In just the same way, all conductors (wires, cables, PCB traces, brackets, PCB planes, conductive liquids, etc.) still behave as inductors, mismatched transmission lines, and “accidental antennas,” even if we call them “ground” and cover them with green insulation (even if it is green with a yellow stripe!).

(I can’t tell you how much wasted time, effort and cost is caused in the electronics industry every year by technicians, graduate and post-graduate engineers assuming that conductors have different EM characteristics depending on what they are called, or the color of their insulation!)

For example, we see DC conductors with any cross-sectional area, carrying currents of up to hundreds of thousands of amps or more (e.g., for superconducting magnets), but we rarely see 60 Hz power conductors with a copper diameter of more than 20 mm. This is because the skin depth of copper at 60 Hz is about 8.5 mm, so the current density at a greater radial depth than that can be no more than 1/3 of what it is at the surface. Effectively, any round 60 Hz power conductor having a diameter greater than 17 mm is wasting the copper in its centre, adding cost and weight but carrying very little actual current. The metal of the power conductor is shielding itself.

To carry hundreds of thousands of amps at 60 Hz without wasting copper, we use one or more copper busbars, each one no more than about 16 mm thick with sufficient width and number in parallel to handle the current. Or we use as many round conductors in parallel as needed, each of them being no more than 20 mm diameter.

Another example: when designing PCBs, it helps to understand that, above certain frequencies, 0V (“ground”) or power planes carry currents mostly on one side or the other, due to the skin effect. A “½oz” copper layer in a PCB is about 17.5 μm thick, and the skin depth in copper at 100 MHz is about 6.6 μm, so at 100 MHz the currents flowing on one side of the ½oz PCB plane are shielded by about 23 dB from those flowing on the other side. 46 dB for a 1oz copper PCB plane at 100MHz.

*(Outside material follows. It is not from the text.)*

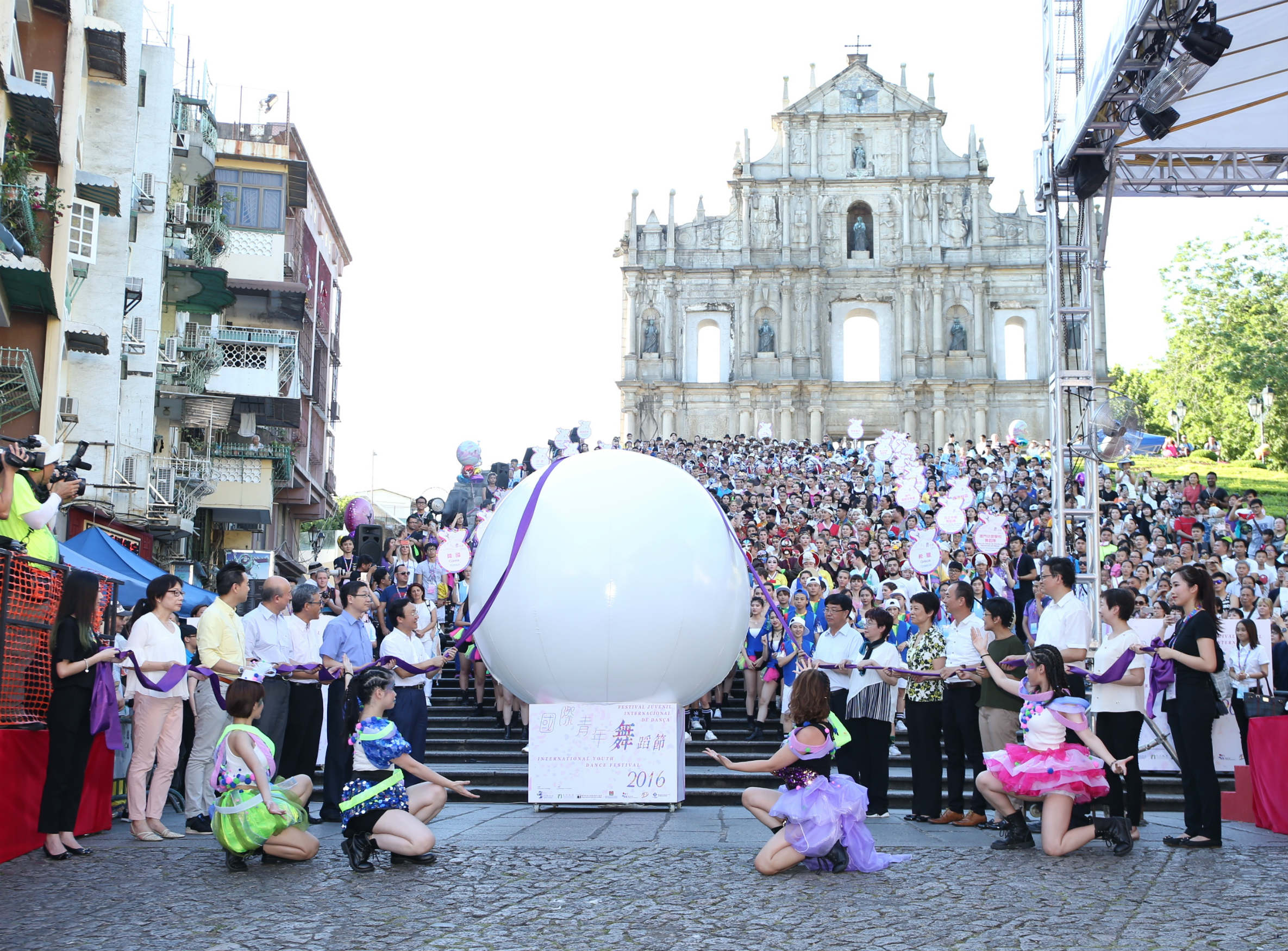A cerimónia de inauguração do “Festival Juvenil Internacional de Dança 2016”, organizado pela Direcção dos Serviços de Educação e Juventude (DSEJ), em colaboração com o Instituto para os Assuntos Cívicos e Municipais (IACM), Instituto Cultural (IC), Direcção dos Serviços de Turismo (DST), Instituto do Desporto (ID), Instituto de Formação Turística e o Fórum de Educação da Ásia-Pequim, teve lugar no dia 24 de Julho, pelas 17:30, nas Ruínas de São Paulo, e contou com cerca de 600 dançarinos jovens provenientes de Macau e dos outros países e regiões juntos nas Ruínas de São Paulo. O Festival Juvenil Internacional de Dança teve início com a cerimónia de inauguração, presidida pelo Senhor Secretário para os Assuntos Sociais e Cultura da RAEM, Alexis, Tam Chon Weng, o subdirector do Gabinete de Ligação do Governo Popular Central na RAEM, Sun Da, o comissário-Adjunto do Gabinete do Comissariado do Ministério dos Negócios Estrangeiros da República Popular da China na RAEM, Cai Si Ping, o chefe do Gabinete do Secretário para os Assuntos Sociais e Cultura da RAEM, Ip Peng Kin, a directora da DSEJ, Leong Lai, a Chefe do Departamento de Cultura e Educação do Gabinete de Ligação do Governo Popular Central na RAEM, Xu Ting, o secretário-Geral do Fórum de Educação da Ásia-Pequim, Yao Wang, o director do IC, Ung Vai Meng, a directora da DST, Maria Helena de Senna Fernandes, o subdirector do ID, Lau Cho Un, os subdirectores da DSEJ, Lou Pak Sang e Kuok Sio Lai e a chefe de Gabinete do Cidadão do IACM, Kou Pui San.

This tells us that when a PCB trace that is routed next to one side of the plane changes layers and is routed next to the other side of the same plane, we have to make it possible for the majority of its return currents in the plane to change sides too. As they cannot flow easily through the thickness of the copper plane, because of the shielding created by the skin effect, they have to pour from one side to the other around the edges of the plane. In fact, most of them flow around the edge of the “antipad” – the clearance hole that surrounds the via hole where the trace changed layers – like a miniature Niagara Falls.

Figure 3 sketches something similar. By comparison with the lower part of Figure 1, we see that instead of the surface current having to flow around the edges of the copper sheet, drilling a hole in the sheet allows the plane’s return surface-currents flow in a shorter, hence less inductive, lower overall impedance path.

Figure 3: Examples of cross-sectional current densities in 1 mm thick copper sheets that have a small hole drilled in them


Although the hole in the copper sheet allows a shorter overall path length, the current crowding around such a small hole can add significant series inductance. Figure 8 of [1] shows some good examples of current crowding around point contacts. The extra inductance created by the via hole will cause digital waveforms to overshoot and ring, harming their signal integrity (SI) by more than they would if they did not change layers at all. A single via hole can have very important consequences indeed for the SI of very high-speed data signals.

This illustrates another Law of Nature that is very important for good EM Design, that I wrote about in [15]: all currents “prefer” to follow the path(s) of lowest overall impedance (often called loop impedance, because all currents flow in closed loops).

Given a choice of two paths, one having ten times less overall loop impedance than the other, 10/11ths of the current will flow in the lowest impedance path, and 1/11th will flow in the other path.

All AC currents (including strays) flow on the surfaces of conductors, and always flow in the closed loops that have the lowest overall impedance.

At radio frequencies (RF), current cannot flow through any appreciable thickness of a good conductor such as copper or aluminum, a very important real-life effect that is totally ignored by circuit design textbooks and SPICE (and other) circuit simulators. I have seen this lead to fundamental errors in design, for example unnecessarily increasing the size, cost, weight and thermal dissipation of the electronics in military vehicles and platforms, whilst also making it more difficult for them to pass their military EMC tests.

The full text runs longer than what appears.